─── Dataset section ───

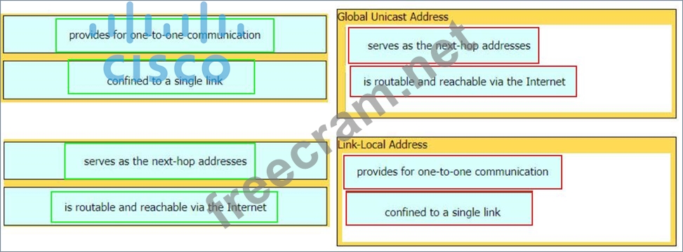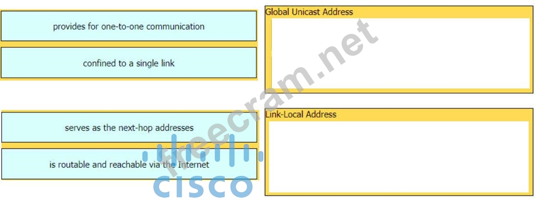 Drag and drop the characteristic from the left onto the IPv6 address type on the right.
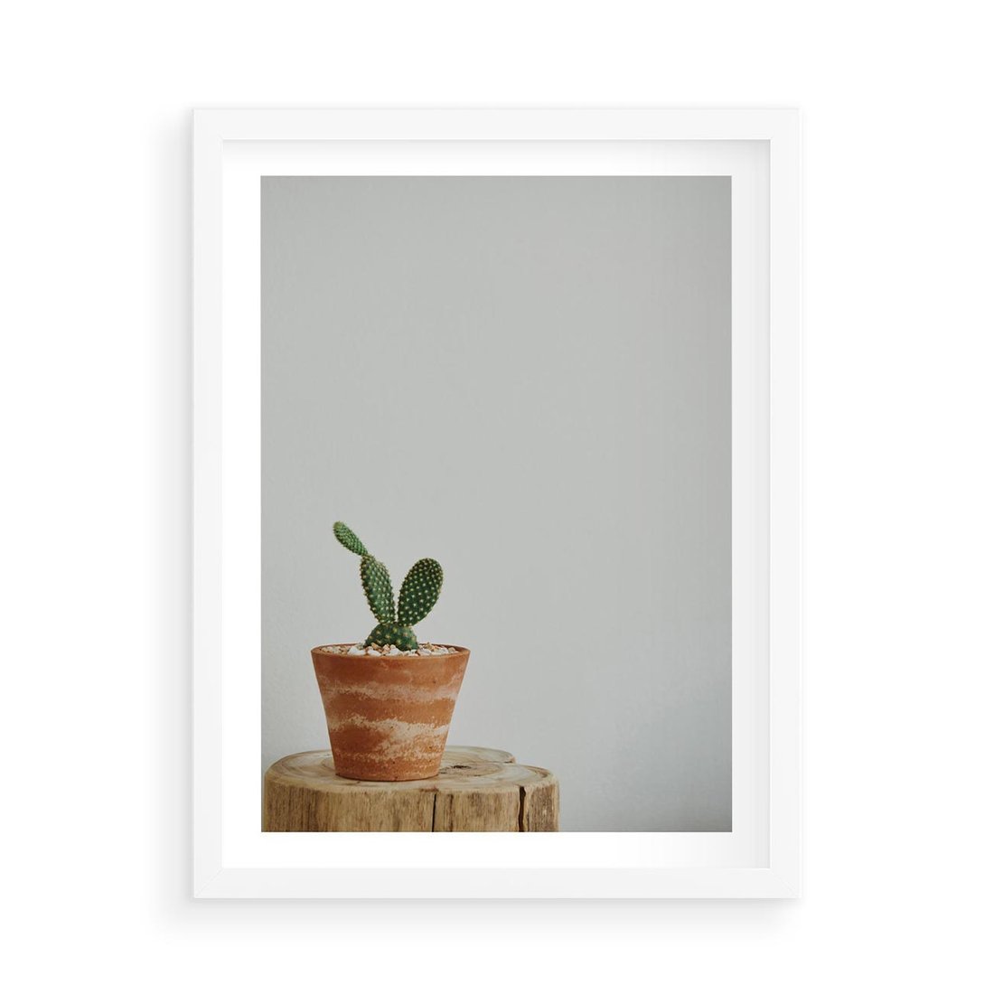 Plakat w ramie 50x70 - Kaktus w Doniczce - minimalizm, kaktur w doniczce - rama biała
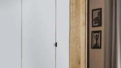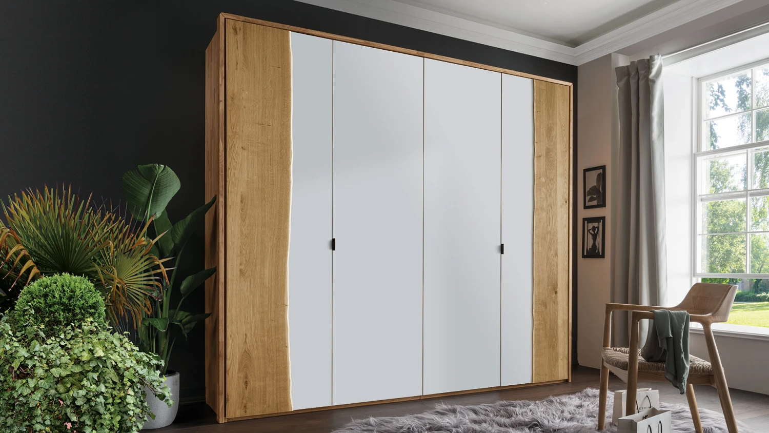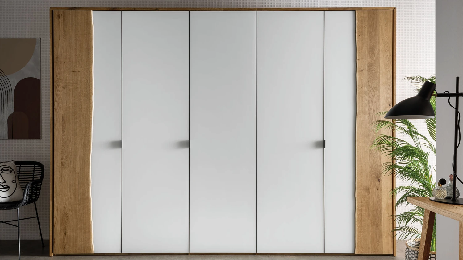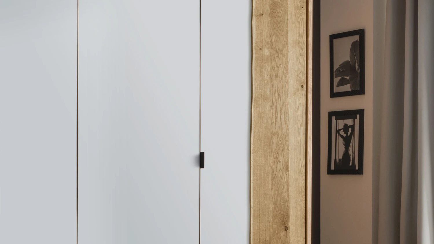 - Kleiderschrank mit matter Weißglas-Front – die zwei äußeren Türen immer jeweils mit einer außergewöhnlichen Baumkante aus Massivholz

───

Work required ▸ Set down exactly the lines between the one with "Plakat w ramie" and the last line of the material above, both included, but none of the pictures.

Answer to the exercise ▸
 Plakat w ramie 50x70 - Kaktus w Doniczce - minimalizm, kaktur w doniczce - rama biała
 - Kleiderschrank mit matter Weißglas-Front – die zwei äußeren Türen immer jeweils mit einer außergewöhnlichen Baumkante aus Massivholz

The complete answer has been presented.